The Dublin Bay Biosphere Reserve (based on what was, pre-2015, the North Bull Island reserve) is a biosphere reserve comprising Dublin Bay, North Bull Island and adjacent land, including parts of Dublin, the capital city of Ireland, and the outfalls of multiple rivers. It contains one of the finest sand dune systems on the island of Ireland, and is internationally important in terms of its conservation value. There are high quality examples of several rare and threatened coastal habitats present within its area.

== Ecological characteristics ==
The biosphere reserve is significant from a conservation perspective since it supports well-developed salt marshes and dune systems displaying all stages of development from the earliest phase of colonization to stable and full maturity. The area is also important for nesting and wintering waterfowl.

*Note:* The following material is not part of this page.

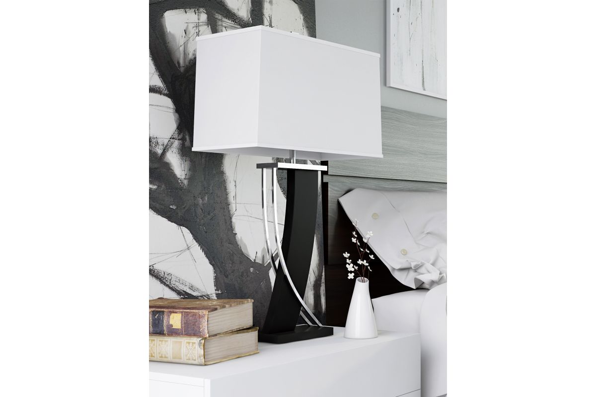 The LS-21788 Estella Table Lamp combines a dark walnut base with polished steel accents and an off-white fabric shade, offering soft, diffused lighting. At 31 inches tall, it provides a sturdy and elegant presence for bedside tables, living rooms, or offices, complementing both contemporary and traditional interiors.
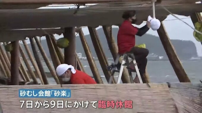 砂むし会館「砂楽」では、7日から9日にかけて臨時休館とし、台風に備え、片づけ作業に追われていました。

The major habitats and land cover types are saltmarsh with glasswort (Salicornia dolichostachya and S. europaea), Puccinellia maritima and sea lavender (Limonium humile); sand dune complex with saltwort (Salsola kali), sea rocket (Cakile maritima), sea couchgrass (Agropyron junceiforme) etc.; beaches; lagoonal sand flat; lagoonal mud flats with algae such as Enteromorpha intestinalis, E. compressa and Ulva lactuca.

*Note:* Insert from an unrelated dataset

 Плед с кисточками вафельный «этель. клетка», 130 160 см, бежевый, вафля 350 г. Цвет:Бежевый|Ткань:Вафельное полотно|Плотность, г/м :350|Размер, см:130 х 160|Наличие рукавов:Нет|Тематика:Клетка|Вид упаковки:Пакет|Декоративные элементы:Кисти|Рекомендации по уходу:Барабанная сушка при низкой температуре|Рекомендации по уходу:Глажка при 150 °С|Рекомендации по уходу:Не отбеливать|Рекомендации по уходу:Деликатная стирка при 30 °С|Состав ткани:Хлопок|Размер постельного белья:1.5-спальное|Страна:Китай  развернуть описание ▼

The biosphere reserve also holds international importance as the numbers of three species exceed the international threshold – light-bellied brent goose (Branta bernicla hrota), black-tailed godwit (Limosa limosa) and bar-tailed godwit (Limosa lapponica). Species such as grey heron (Ardea cinerea), goldeneye (Bucephala), red-breasted merganser (Mergus serrator) and greenshank (Tringa nebularia) are regular in winter in numbers of regional or local importance. The North Bull Island and parts of the buffer zone in north Dublin used to include populations of Irish mountain hare (Lepus timidus hibernicus), a uniquely Irish sub-species of a species of national and international importance, which came under severe pressure from recreational disturbance and illegal poaching.

Dublin Bay Biosphere Reserve also contains three Ramsar sites – Sandymount Strand, North Bull Island and Baldoyle Bay.

== Socio-cultural aspects ==
The beaches and amenities of the reserve serve the population of the capital of Ireland. Dublin city is the most populated area of the country, with the urban area having a population of more than a million people. Dublin Bay is the only biosphere reserve worldwide which includes within its area parts of a national capital. Therefore, its impact on society is higher than for just the immediate resident population.

In addition to its ecological value, Bull Island island has an important educational and recreation function, for school classes, day visitors and more. Two golf courses are situated on Bull Island and there are some boating activities in the adjacent waters.